Continuación…
Raquel.
La compañera de clase, cuyo asiento se ubicaba delante de él, quien mantuvo la conversación con él a pesar de sus torpes convivencias. Ella, quien representaba lo imposible hecho posible, quien le demostró a su corazón que los latidos no eran producto de su imaginación y que tenían la capacidad de aprender el nombre de quien mueve sus engranes. Ella, Raquel.
– ¿No me vas a saludar? Qué feo eres, Martín… –
La voz chillona de Raquel había alertado a todos de la ubicación de Martín y revelado su nombre. La muchacha pelirroja tenía los delgados brazos posados en sus caderas de mujer y la mueca en su rostro pálido cubierto de pecas exigía una respuesta. Martín hizo una media sonrisa, levantó un brazo sin despegarlo de la axila, y la saludó. Raquel sonrió, dio un pequeño brinco de alegría causando que los senos, también de mujer, desafiaran por un instante la capacidad de resistencia del sostén y mostraron, desde el escote, un saludo a Martín. Él les contestó durante la distracción de la muchacha y apoyado de su máscara de queratina.

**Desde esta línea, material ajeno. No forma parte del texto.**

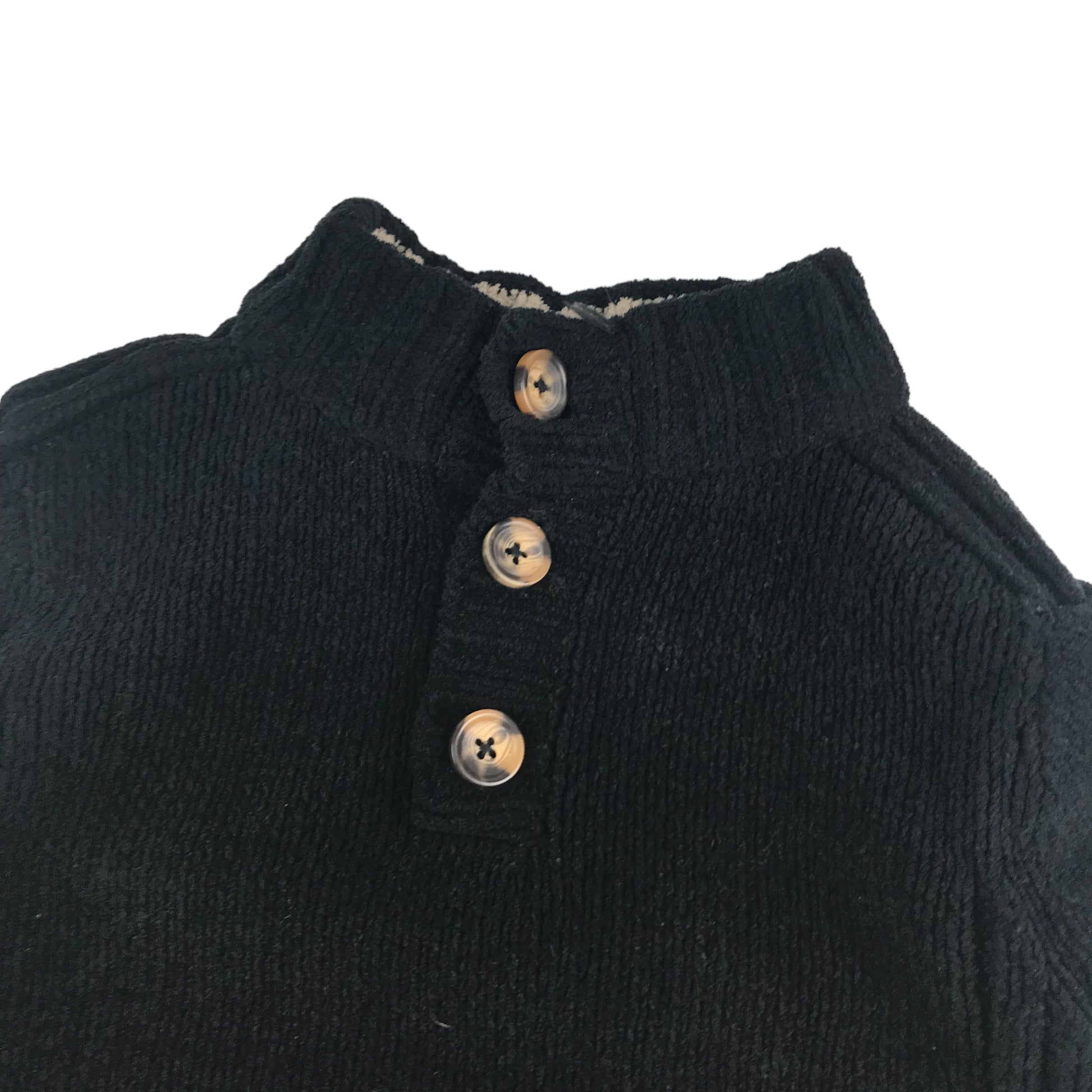 - Description: High collar knitted jumper with button up collar, fleece like knitted polyester
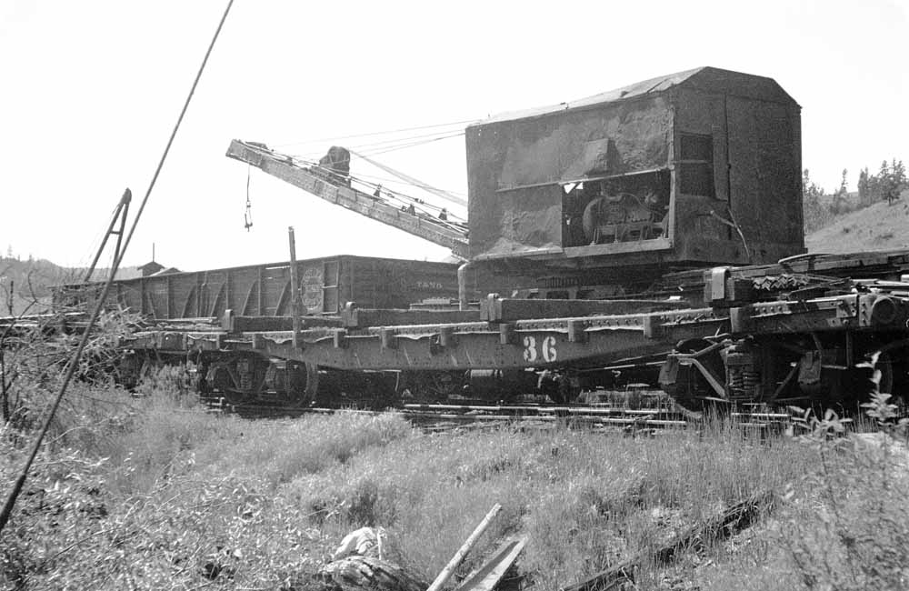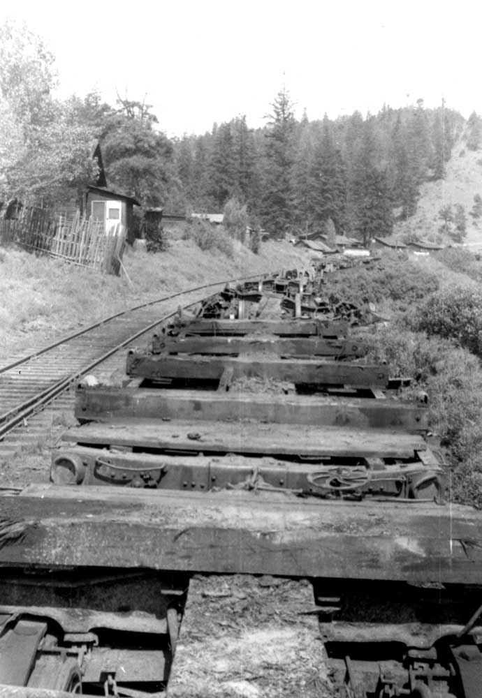 KPM log cars in the process of getting scrapped on 9 June 1951. Ivan Ergish photo, John Henderson collection, courtesy Pacific Northwest Virtual Logging Data Center/Glen Comstock.
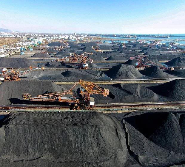 ▼秦皇島港口堆放的煤炭,圖片來源@VCG
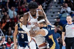 鹈鹕与太阳比赛第三节末段,“老六”阿尔瓦拉多与马威发生冲突!
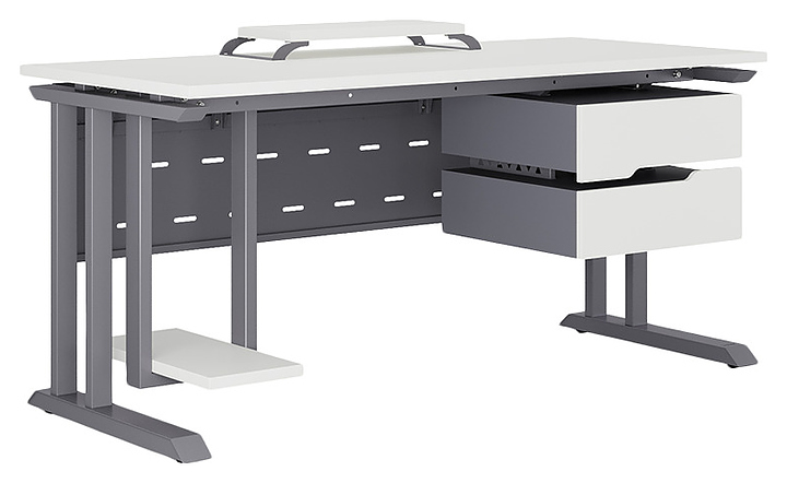 Офисный стол Кобор L1-160/60 graphite/premium используется в офисных помещениях и кабинетах руководителей. Модель оснащена L-образными опорами. Каркас выполнен из металла, выкрашенного в цвет графит муар (RAL7024), столешница – из ламинированной древесно-стружечной плиты (ЛДСП) цвета белый премиум (W1000 ST9). Опции (заказываются отдельно):
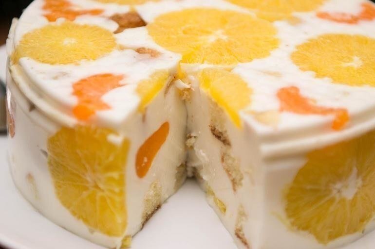 Предлагаю вам отличный праздничный цитрусовый десерт – желейный торт “Фруктовый Новый год”. Для бисквита: Для начинки: Для крема: Приготовление: Шаг 1: Желатин распустить в воде согласно инструкции. Через 40-60 минут подогреть, не кипятить, до полного растворения. Остудить. Шаг 2: Из яиц, сахара, соды и муки замесить тесто для простого бисквита. Выпекать бисквит при температуре 180 градусов в течение 15 минут. Остывший бисквит порезать на квадратики размером 1,5х1,5 см. Шаг 3: Апельсины и мандарины очистить от кожуры, мандарины разобрать на дольки, апельсины порезать кружочками. Ананасы и банан порезать кубиками. Шаг 4: Взбить сметану с сахаром, добавить ванилин и остывший желатин, хорошо перемешать, если желатина достаточно, то уже через 10 минут крем начнёт застывать. Шаг 5: Фрукты красиво выложить на дно формы с разъемными бортами. Выложить часть бисквита. Шаг 6: На бисквитные квадратики выложить фрукты. Залить кремом, затем выложить снова бисквит и фрукты залить кремом.

– ¿Ahora por qué tan callado, Martín? Tú no saludas así. Bueno, mira. Te vi en los dulces y pensé “ahí está Martín. De seguro comprará chocolates. Lo saludaré para que me dé algunos”, pero no te llevaste nada, así que te seguí para asegurarme de que compres mis favoritos. ¿Vale?

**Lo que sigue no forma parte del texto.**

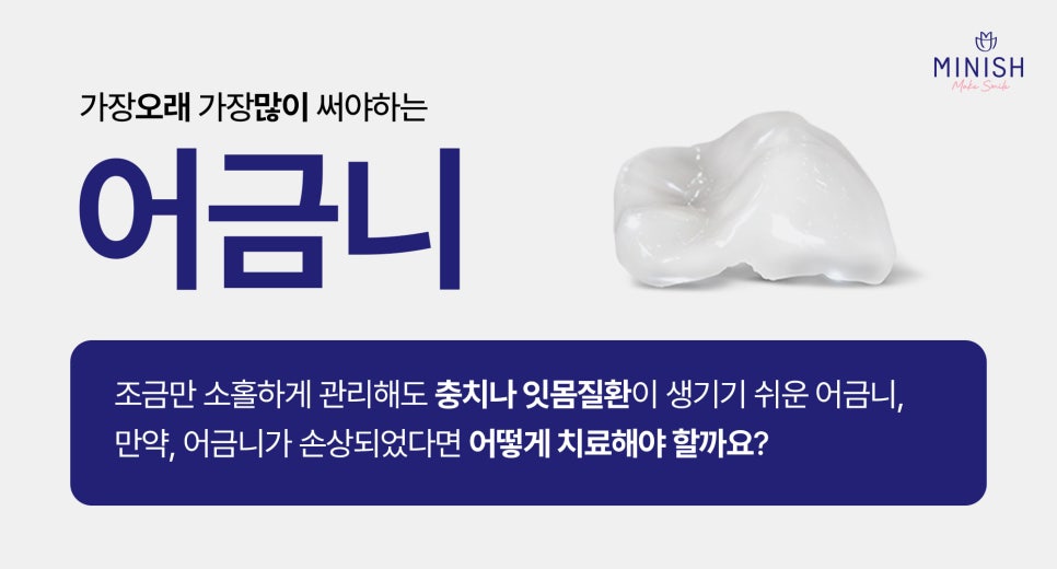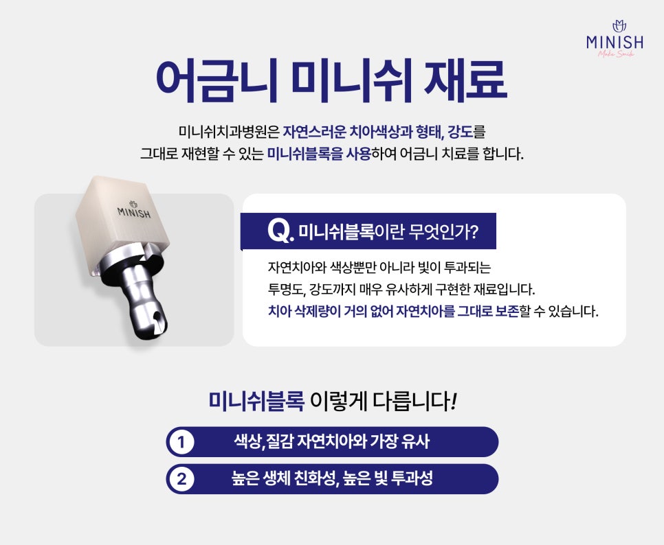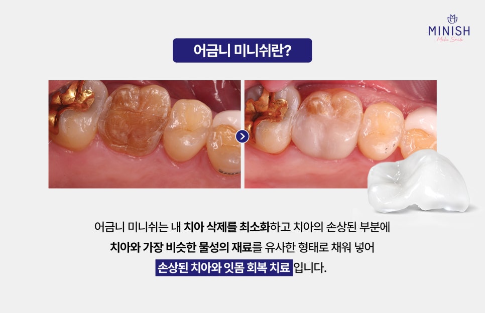 미니쉬는 ‘내 치아를 평생 건강하게 사용하자’는 철학을 바탕으로 개발된 치아 복구 솔루션으로, 자연치아의 구조와 기능을 최대한 복원하는 데 중점을 둡니다.

Martín sólo pudo sostener la media sonrisa y asintió con el mismo movimiento de cabeza que hizo al saludar el busto de Raquel. Aún podía escuchar la plática entre el joven rubio y la encargada de farmacia. Detrás de él sentía la mirada inquisidora del niño cuya abuela, educada en la modernidad, esperaba con paciencia preternatural a que los jóvenes terminaran de hablar porque creía que para el amor, no había que entrometerse. Martín relajó los músculos: un segundo suspiro divino descubrió su rostro y percibió las circunstancias a su favor. Todo lo vio claro: podría pasar el tiempo a solas con la chica de sus sueños y fantasías hasta que llegara la hora de su turno. Antes de ir hacia la encargada podría pedirle a Raquel que lo esperara en la dulcería para comprar los chocolates que ella pedía; así sólo se expondría con la encargada quien, con suma profesionalidad, no divulgaría el producto que compraría. El plan continuaría intacto.
– Oye, Martín, ¿viniste a comprar medicina? Ay… pero están tardando mucho. Mejor hacemos esto. Voy a estar en la dulcería y te espero ahí para que me compres los chocolates. ¿Sí?

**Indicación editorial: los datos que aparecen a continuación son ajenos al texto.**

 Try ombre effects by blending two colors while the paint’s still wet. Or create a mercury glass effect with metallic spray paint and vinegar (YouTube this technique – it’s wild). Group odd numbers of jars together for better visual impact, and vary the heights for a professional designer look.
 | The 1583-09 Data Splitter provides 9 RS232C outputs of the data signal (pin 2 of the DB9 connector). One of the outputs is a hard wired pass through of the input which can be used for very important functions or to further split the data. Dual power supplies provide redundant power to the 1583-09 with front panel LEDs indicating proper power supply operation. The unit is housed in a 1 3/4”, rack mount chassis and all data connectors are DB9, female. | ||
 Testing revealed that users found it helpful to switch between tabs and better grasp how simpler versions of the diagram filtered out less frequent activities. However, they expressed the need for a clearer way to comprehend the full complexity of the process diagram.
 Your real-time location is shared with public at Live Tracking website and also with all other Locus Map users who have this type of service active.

La sonrisa de Martín perdió la tensión de casi todos los músculos que la conformaban. La vio alejarse dando brincos de alegría en cámara lenta. Podía escuchar los saludos de su pecho y el movimiento de la falda, cortesía de su cadera y glúteos, interpretaba un vals cuyo ritmo deletreaba M-a-r-t-í-n, t-e a-m-o.
– Oiga, ¿va a avanzar?
La voz ronca de un señor, cuya gordura era la de él multiplicada por tres, lo despertó de su trance. El joven rubio ya se había retirado y la encargada estaba entregando el encargo de la abuela del niño, quien permanecía ejecutando su nuevo pasatiempo favorito. Su preocupación no se limitó al infante con habilidades místicas de observar sin parpadear, sino en su distracción estando con Raquel: diez personas más estaban formadas atrás de él y todos tenían intenciones de continuar con el deber que el niño había comenzado si no avanzaba.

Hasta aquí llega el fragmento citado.